Но прелестно и прекрасно все не везде, и Архипова я встречаю намного раньше, чем хотелось бы. Не нужно поработать в хирургии всю жизнь, чтобы понять: в слове «долго» надежды бесконечно много, а от слова «быстро» она позорно сбегает.
— Что случилось? — спрашиваю, хватая его за руку.
— Оставь! — на пустом месте взрывается парень, невежливо вырывая локоть из моей ладони. Я не уверена, что таким образом он не пытается отогнать от себя навязчивые видения. Если обвинить в случившемся меня — полегчает. Собственно, пусть кричит. Ничего от его криков со мной не станется… Но Архипов, как я уже говорила, парень хороший, правильный, и, взглянув на девушку, которую он только что чуть не ударил, начинает сожалеть и почти извиняться.
— Жен, понимаешь, я никогда такого не видел. Аорта в момент расслоилась, и кровь начала хлестать так, что Горский побелел как полотно. Сразу стало ясно — девчонку не спасти.
От этой новости мои глаза самопроизвольно наполняются слезами. Сидя утром в кабинете Дмитрия Дьяченко, который подписался под моим некрологом, я не заплакала. Дико оплакивать саму себя, ну вот я и не стала. А девочку — пожалуйста. Она — не я.
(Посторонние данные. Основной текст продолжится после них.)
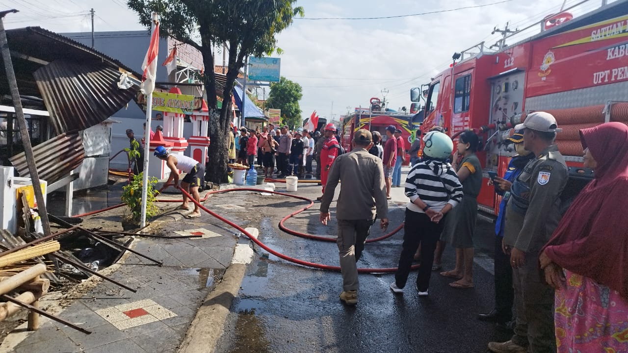 Jago merah melahap habis bangunan warung sembako, warung mie ayam dan sebuah sepeda motor tak luput dari kebakaran.
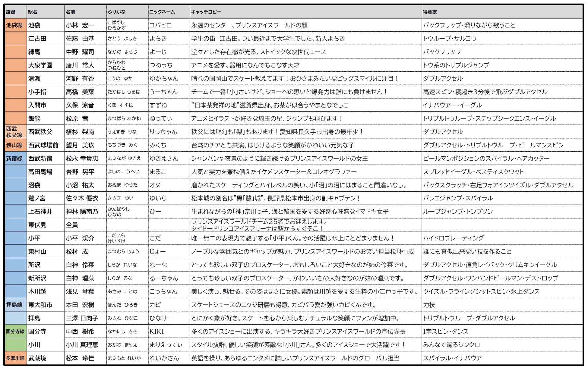 3.内 容 2024年度プリンスアイスワールドチームメンバー25名を、名前、メンバーや駅のイメージなどから「駅の推しプリンスアイスワールド」に各駅ひとり選定し、応援を行っていきます。※東伏見駅はチーム全員が対象になります。
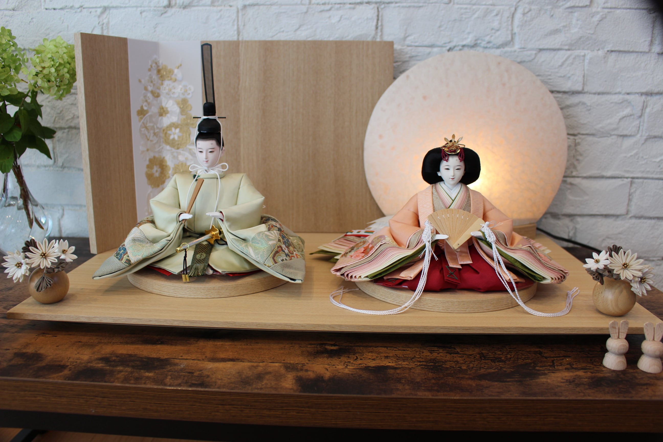 お雛様は手作りの為に、お衣装の柄の出方、お顔も一つ一つ手作りにて仕上がりが多少違う場合がございます。
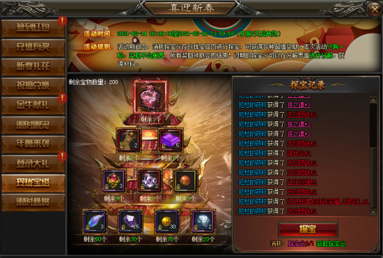 规则:消耗探宝令在玲珑宝塔中探宝,活动只有一轮,奖励抽完为止,不会重置。

Она — всего лишь тень, эхо, переотражение… Эмоции те же, но смысл…
— Слушай, ты чего? Извини, я накричал, но… Елисеева, — встряхивает он меня. — Если так и будешь прикидываться зомби, я тебе что-нибудь вколю! Клянусь!
— Я в порядке.
— У тебя губы синие! В порядке она…
— Доктор Елисеева, — спасает положение Горский, вспомнивший о том, что я ему задолжала объяснение.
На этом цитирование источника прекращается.